Furthermore, the experts recommended incorporating listeners’ subjective ratings of speech clarity, clarifying the scoring criteria for ambiguous productions, improving the scoring system, and presenting the results using graphical visualization. These qualitative insights, synthesized from the open-ended responses, provided the foundational rationale for the modifications implemented in the subsequent round. Notably, several of these refinements, such as the development of clearer scoring criteria and graphical visualization of results, were aligned with the need to generate structured and interpretable data that may be suitable for future AI-based analysis.

Round 2

Following the synthesis of results from the 23 panel members who responded to the round 1 Delphi survey, words from an initial 26-item list that were deemed inappropriate for modern urban children or had the potential to be dialectal were excluded (Table 1).

Table 1.

Word list for articulation assessment developed through a 3-round Delphi survey among experts in pediatric rehabilitation and speech-language pathology (n=35 words).

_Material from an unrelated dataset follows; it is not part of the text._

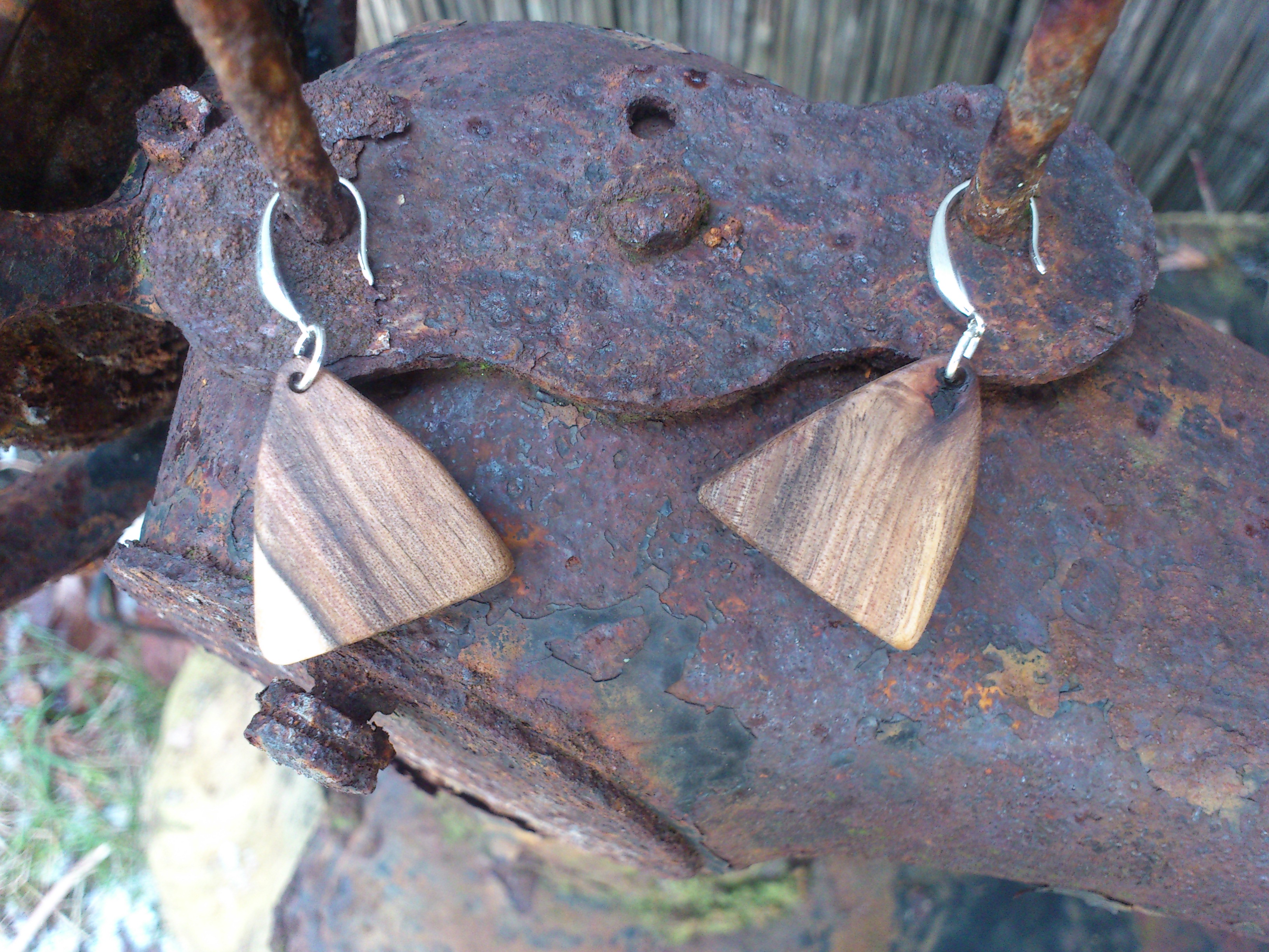 Veröffentlicht inOhrringe aus Walnussholz, geschliffen, poliert und geölt

Target word in Korean	Meaning	IPA^a transcription
타조	Ostrich	[tʰa̠.d͡ʑo̞]
냄비	Pot	[nɛm.bi]
눈썹	Eyebrow	[nun.s͈ʌp̚]
딸기	Strawberry	[t͈a̠l.ɡi]
국자	Ladle	[kuk̚.t͡ɕ͈a̠]
다리	Leg and bridge	[ta̠.ɾi]
자동차	Car	[t͡ɕa̠.do̞ŋ.t͡ɕʰa̠]
씨앗	Seed	[ɕ͈i.a̠t̚]
바나나	Banana	[pa̠.na̠.na̠]
레몬	Lemon	[ɾe̞.mo̞n]
코끼리	Elephant	[kʰo̞.k͈i.ɾi]
곰	Bear	[ko̞m]
사탕	Candy	[sa̠.tʰa̠ŋ]
버섯	Mushroom	[pʌ.sʌt̚]
펭귄	Penguin	[pʰe̞ŋ.ɡɥin]
마이크	Microphone	[ma̠.i.kʰɯ]
연필	Pencil	[jʌn.pʰil]
까치	Magpie	[k͈a̠.t͡ɕʰi]
빵	Bread	[p͈a̠ŋ]
아빠	Dad	[a̠p͈a̠]
책상	Desk	[t͡ɕʰɛk̚.s͈a̠ŋ]
찌개	Stew	[t͡ɕ͈i.ɡɛ]
오뚝이	Roly-poly toy	[o̞.t͈u.ɡi]
하마	Hippopotamus	[ha̠.ma̠]
구급차	Ambulance	[ku.ɡɯp̚.t͡ɕʰa̠]
수박	Watermelon	[su.ba̠k̚]
과자	Snack	[kwa̠.d͡ʑa̠]
돼지	Pig	[twe̞.d͡ʑi]
요거트	Yogurt	[jo̞.ɡʌ.tʰɯ]
귀	Ear	[kɥi]
여우	Fox	[jʌ.u]
우유	Milk	[u.ju]
야구	Baseball	[ja̠.ɡu]
원숭이	Monkey	[wʌn.su.ŋi]
의자	Chair	[ɰi.d͡ʑa̠]

^aIPA: International Phonetic Alphabet.

These were replaced with alternative items, along with additional words representing diverse articulatory environments (eg, remon [레몬], meaning “lemon,” ottugi [오뚝이], meaning “roly-poly toy,” and jjigae [찌개], meaning “stew”). Furthermore, words containing diphthongs (eg, yagu [야구], meaning “baseball,” uija [의자], meaning “chair,” wonsungi [원숭이], meaning “monkey,” yogeoteu [요거트], meaning “yogurt,” dwaeji [돼지], meaning “pig,” and gwaja [과자], meaning “snack” or “cracker”) were incorporated, resulting in a final test list of 35 words. To facilitate a clearer interpretation of speech outcomes by both caregivers and clinicians, visual graphs were integrated into the scoring results to display consonant and vowel accuracies (Table 2).

Table 2.

Consensus articulation assessment measures and scoring system established through a 3-round Delphi survey.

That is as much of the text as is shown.